## [Exercise requirements]
Set down the material exactly as given, please, from its first line through the line that includes "A framed image".

## [Materials provided]
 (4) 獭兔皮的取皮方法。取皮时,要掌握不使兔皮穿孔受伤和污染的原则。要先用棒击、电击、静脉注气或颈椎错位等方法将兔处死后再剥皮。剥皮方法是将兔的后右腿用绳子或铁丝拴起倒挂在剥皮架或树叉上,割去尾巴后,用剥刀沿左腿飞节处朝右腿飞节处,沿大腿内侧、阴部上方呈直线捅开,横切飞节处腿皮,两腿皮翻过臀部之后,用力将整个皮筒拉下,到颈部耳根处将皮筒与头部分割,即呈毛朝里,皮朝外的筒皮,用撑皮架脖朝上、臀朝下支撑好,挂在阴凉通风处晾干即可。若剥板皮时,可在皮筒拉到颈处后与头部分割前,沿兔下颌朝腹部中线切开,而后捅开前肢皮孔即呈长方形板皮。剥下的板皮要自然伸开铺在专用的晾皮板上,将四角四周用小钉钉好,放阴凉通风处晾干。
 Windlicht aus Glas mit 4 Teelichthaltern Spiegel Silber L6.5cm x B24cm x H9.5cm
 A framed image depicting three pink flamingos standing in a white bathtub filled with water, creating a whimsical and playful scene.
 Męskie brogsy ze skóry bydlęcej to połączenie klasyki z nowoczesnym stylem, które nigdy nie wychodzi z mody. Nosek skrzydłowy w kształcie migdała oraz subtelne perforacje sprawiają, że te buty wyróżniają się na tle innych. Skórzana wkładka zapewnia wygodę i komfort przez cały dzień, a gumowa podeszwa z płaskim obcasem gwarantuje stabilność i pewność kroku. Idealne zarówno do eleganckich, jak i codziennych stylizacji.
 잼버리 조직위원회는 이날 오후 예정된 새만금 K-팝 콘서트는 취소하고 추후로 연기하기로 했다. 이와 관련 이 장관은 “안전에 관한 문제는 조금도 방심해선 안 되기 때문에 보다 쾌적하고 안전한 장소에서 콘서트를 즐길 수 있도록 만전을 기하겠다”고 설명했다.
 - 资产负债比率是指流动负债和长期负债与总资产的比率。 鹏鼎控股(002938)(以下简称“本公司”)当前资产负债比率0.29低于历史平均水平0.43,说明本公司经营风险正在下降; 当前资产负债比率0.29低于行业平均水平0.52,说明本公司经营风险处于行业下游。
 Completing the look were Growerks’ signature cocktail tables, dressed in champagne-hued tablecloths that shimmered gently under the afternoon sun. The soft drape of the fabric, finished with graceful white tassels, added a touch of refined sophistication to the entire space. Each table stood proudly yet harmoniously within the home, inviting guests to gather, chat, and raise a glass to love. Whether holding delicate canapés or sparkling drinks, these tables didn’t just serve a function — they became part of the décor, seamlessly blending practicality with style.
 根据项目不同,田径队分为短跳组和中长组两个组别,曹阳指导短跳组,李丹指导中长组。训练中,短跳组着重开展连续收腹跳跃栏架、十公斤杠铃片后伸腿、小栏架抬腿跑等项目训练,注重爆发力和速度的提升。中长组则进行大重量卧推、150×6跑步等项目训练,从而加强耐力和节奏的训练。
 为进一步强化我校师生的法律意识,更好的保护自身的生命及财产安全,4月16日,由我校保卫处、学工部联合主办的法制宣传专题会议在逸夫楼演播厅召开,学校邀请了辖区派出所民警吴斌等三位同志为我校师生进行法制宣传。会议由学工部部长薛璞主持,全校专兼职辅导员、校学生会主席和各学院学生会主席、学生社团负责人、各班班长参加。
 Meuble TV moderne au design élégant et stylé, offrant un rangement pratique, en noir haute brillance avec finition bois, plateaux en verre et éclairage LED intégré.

## [Solved problem]
 (4) 獭兔皮的取皮方法。取皮时,要掌握不使兔皮穿孔受伤和污染的原则。要先用棒击、电击、静脉注气或颈椎错位等方法将兔处死后再剥皮。剥皮方法是将兔的后右腿用绳子或铁丝拴起倒挂在剥皮架或树叉上,割去尾巴后,用剥刀沿左腿飞节处朝右腿飞节处,沿大腿内侧、阴部上方呈直线捅开,横切飞节处腿皮,两腿皮翻过臀部之后,用力将整个皮筒拉下,到颈部耳根处将皮筒与头部分割,即呈毛朝里,皮朝外的筒皮,用撑皮架脖朝上、臀朝下支撑好,挂在阴凉通风处晾干即可。若剥板皮时,可在皮筒拉到颈处后与头部分割前,沿兔下颌朝腹部中线切开,而后捅开前肢皮孔即呈长方形板皮。剥下的板皮要自然伸开铺在专用的晾皮板上,将四角四周用小钉钉好,放阴凉通风处晾干。
 Windlicht aus Glas mit 4 Teelichthaltern Spiegel Silber L6.5cm x B24cm x H9.5cm
 A framed image depicting three pink flamingos standing in a white bathtub filled with water, creating a whimsical and playful scene.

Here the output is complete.